Recuerdos de Girón:  Un Padre y una jicotea



De cuando apenas tenía cinco años, me quedan --y ojalá que para siempre-- unos recuerdos muy significativos de aquel 15 de abril de 1961;  para mi familia, después de haber pasado unas lindas vacaciones en Puerto Padre, marcaron un antes y un después.

El bombardeo al aeropuerto de Santiago de Cuba fue el primer aviso: en mi casa se percibieron sonidos raros en la tranquila mañana del barrio santiaguero Veguita de Galo: desde la azotea vi junto a mi madre las negras columnas de humo que nos hicieron bajar e ir directamente a la habitación para avisar a mi padre: "Carlos levántate, nos están atacando!". Lo que también se fijó en mi mente fue que en las palabras de mi madre no había miedo, fue una orden de decisión, un llamado al compromiso.

Recuerdo que mi padre se vistió con tanta prisa, que se puso la camisa del uniforme con el pantalón de dril blanco con el cual había regresado de viaje la noche anterior. Corregido el error, se alzó sobre las puntas de los pies y cogió de encima del armario su "pepechá", que permanecía tapada con un paño.

Bajó hacia la calle, pero volvió a subir con el aviso de que vendrían a buscarlo, lo cual ocurrió pasado unos minutos cuando llegó un camión verde olivo, que en su parte de atrás venían ya varios hombres vestidos de verde olivo o de miliciano. Venían sentados unos frente a otros, en la dos hileras dispuestas a modo de asiento.

Para mí esa era una despedida que mis cinco años no asumían que podía ser la última, sin embargo estaba emocionada, aunque me llamó la atención el rostro grave o de preocupación de aquellos hombres, que no hablaban entre sí, cada uno iba sumidos en sus pensamientos...

Mientras mi padre se despedía de  mi madre y bajaba la escalera, reconocí a alguien entre los sentados en el camión: vestido de uniforme adiviné un rostro conocido: el joven sacerdote que me  daba catecismo en la iglesia de Santa Lucía.  Grité: !Padre!.  Él, sorprendido, volvió el rostro hacia el balcón y respondió: “Padre no, compañero”. El adiós a mi padre que ya se subía al camión me hizo olvidar de ese incomprensible cambio.

Nunca más volví a saber del joven sacerdote. Fueron muchos días en que junto a mi madre me movía del radio que está en la su habitación, al televisor de la sala... Ella en ocasiones se limpiaba alguna que otra lágrima, pero no dejaba de murmurar "hay que darles duro, duro".

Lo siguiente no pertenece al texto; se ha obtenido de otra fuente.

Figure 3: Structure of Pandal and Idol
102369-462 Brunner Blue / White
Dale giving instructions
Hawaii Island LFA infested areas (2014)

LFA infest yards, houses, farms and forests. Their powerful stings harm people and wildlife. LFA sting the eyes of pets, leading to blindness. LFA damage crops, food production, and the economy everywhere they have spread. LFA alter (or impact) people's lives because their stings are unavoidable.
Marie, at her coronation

Y así fue. Y vaya que tan duro le dimos que en 72 horas lo que por radio o por televisión se transmitía era la heroicidad de un pueblo que lloraba a sus víctimas pero también les ofrecía en forma de tributo histórico la primera gran derrota del imperialismo yanqui en América Latina, con Fidel al frente.

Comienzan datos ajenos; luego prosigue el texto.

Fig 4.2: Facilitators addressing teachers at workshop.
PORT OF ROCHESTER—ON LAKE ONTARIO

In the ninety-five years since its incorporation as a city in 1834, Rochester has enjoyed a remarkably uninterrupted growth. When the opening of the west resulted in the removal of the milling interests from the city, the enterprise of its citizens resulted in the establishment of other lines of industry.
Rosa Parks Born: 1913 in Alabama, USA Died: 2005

Como una semana después mi padre regresó, agotado físicamente sin poder hablar apenas, en su cara había cansancio y victoria, con mucha fuerza para abrazarnos y darme como recuerdo una jicotea que me había traído de aquella zona hasta entonces  desconocida para él. Una jicotea que para mí fue el premio acuñado a esa gran prueba de metralla y coraje que libró la joven Revolución que sentó las bases para que ahora, 60 años después, podamos hablar de Revolución y Continuidad.